TJones claimed this task.Aug 6 2019, 5:49 PM

Change 530602 had a related patch set uploaded (by Tjones; owner: Tjones):
[mediawiki/extensions/CirrusSearch@master] Fix highlighting of grapheme clusters

https://gerrit.wikimedia.org/r/530602

TJones added a comment.EditedAug 16 2019, 5:01 PM

TL;DR

  • Patch up to fix the problem for search snippets, even though that's not the main problem.
  • I have a working fix for upper corner search box, but it may not be up to code standards since it is in the Javascript repo.
  • Main box on Search page is a separate thing; still working on that.
  • Ligatures are more complicated.
    • options.highlightInput can probably be used to turn off highlighting for suggestions (though I'd still like to do the right thing with combining characters in the general case).
    • Cirrus doesn't have a way to disable highlighting, but one could probably be added.

Search Snippets

So, I've looked into this a lot more. I've uploaded a patch to fix this problem in search snippet highlighting—where it is actually pretty rare, since it's hard to get a partial word match except when using a regex.
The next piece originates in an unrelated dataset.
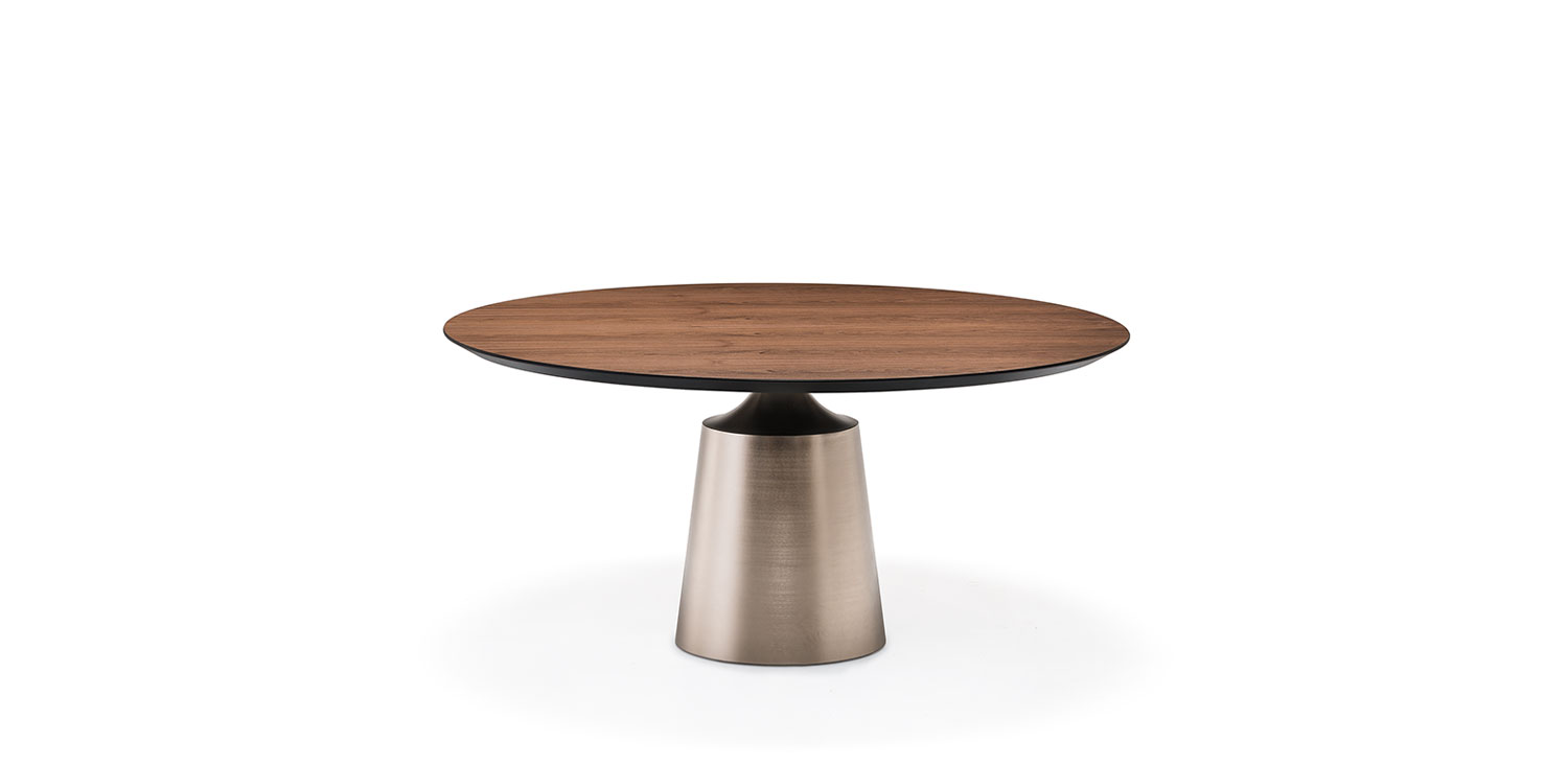 Table with base in graphite (GFM69), white (GFM71), black (GFM73) embossed lacquered steel or satin titanium steel (11). Top in Canaletto walnut (NC) or burned oak (RB). Glazes on the satin titanium base are due to the handmade work. Optional central swiveling tray Lazy Susan.

I used the Unicode-aware regex \p{M} which matches all combining characters (very convenient!).

I've tested it on Hindi, Javanese, Khmer, Myanmar, Tamil, Telugu, and Thai examples. Below are screenshots of Hindi, Javanese, and Myanmar examples. The Hindi example pulls the following vowel mark into the highlight. The Javanese (which is very hard to see), is a weird one because the regex query is a combining mark followed by a full character. The full character from before the highlight is pulled in, and the combining characters from after the highlight are also pulled in. The Myanmar example is similar to the Hindi example, except that several combining characters are pulled in from after the highlight.

The patch above (530602) should fix this.

Latin has it easy (maybe)

Since @santhosh mentioned that Latin could have this kind of problem (and I thought the same thing), I checked into it. It is probably operating system dependent, but on my Mac, non-highlighted diacritics can still glom onto highlighted full characters. I only did a quick test with n̈ and n̞̚, but both work well enough when the n is bold but the diacritics are not.

I found the same situation when bolding characters on my computer in general. I'm curious how others see these two: ခင်ဦးမြိနယ်—but Spin̈al Tap. The font on Phabricator gets the umlaut only half on the n, but the Myanmar is messed up in the usual way.

Suggestion Highlighting

The suggestion highlighting, which was the main issue of this ticket, is harder. It's not actually something done by the suggestion API. It's done in javascript by the UI after fetching the suggestions. It's not my area of expertise and the UI folks may not like the patch that I hope to put up soon. If that's the case, then we can move this to be a UI task rather than a Search task.

I've got working code for the upper corner search box, There's no equivalent of \p{M} in Javascript, so I've hard-coded an equivalent constant regex for that purpose. I am not familiar with the code and it is a lot more complex (big surprise!) than the baby Javascript I normally work with. (Which is why the UI folks may not like my patch.)

Oddly, the main search box on the Search results page does not use the same code to fetch or highlight suggestions, so I'm still trying to track that down. My hope is that I can get something that works and does the Unicode stuff and the UI folks can refactor it into something that is also good code. If I can't find it soonish, I'll probably just post my fix for the upper corner search box and hand it off to the UI folks.

Ligatures

None of this addresses the problem of ligatures, which comes up in (at least) Arabic, Hindi, Khmer, and Telegu. Detecting when characters can form ligatures is a lot more complex than detecting individual combining characters that must attach to a full character.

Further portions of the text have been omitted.